On 10/30/12 5:07 PM, Brad Roberts wrote:
1) Why did the compiler believe it would be?  If it didn't think it was a
valid usable symbol, it would have already errored at the call site during
semantic analysis.

Not getting this at all. All I'm saying is that if the compiler says "I can't
find that foo() you're asking for", the most interesting piece of information
for me is "where did I ask for it?"

Ok, so it points to a place in the code where you used it.  You look at
that and say, yup, I did indeed use it.  Not surprising.

In the presence of overloading, that is most often surprising. And usually it's not "I" who uses it, it's transitively called by some code I write. That's the hardest part.

Now, why doesn't
the linker find it?

Because it's declared but not explicitly made part of the project.

Why did the compiler believe it existed?

Grep takes care of that. Finding the declaration is never a problem.

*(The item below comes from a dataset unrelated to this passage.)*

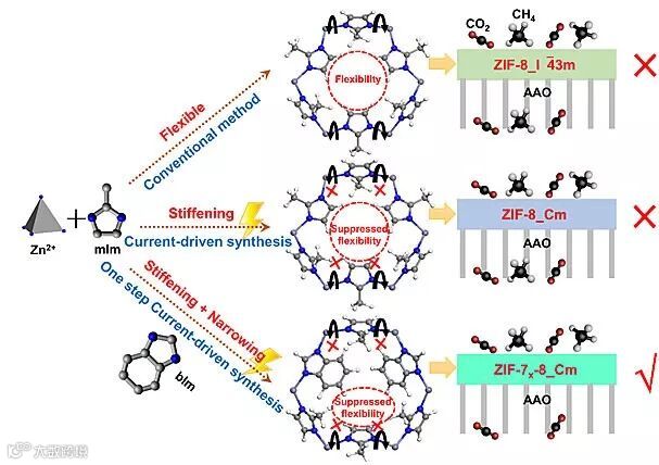 图1. 实验设计思路图:传统法制备柔性ZIF-8膜、电驱动制备刚性ZIF-8膜和电驱动法一步合成混合配体ZIF-7x-8膜概念图及这三类膜对CO2/CH4分离性能对比图。

The site of the usage isn't remotely useful for answering either of those
questions and those are the ones that form the disconnect between the
compiler, who believed it existed and let the code pass to the next
stage), and the linker.

Non-issue. Grep takes care of that. Finding the cross-references and the overloading part are the hard problems here. This is so clear to me for so many reasons, I am paralyzed by options.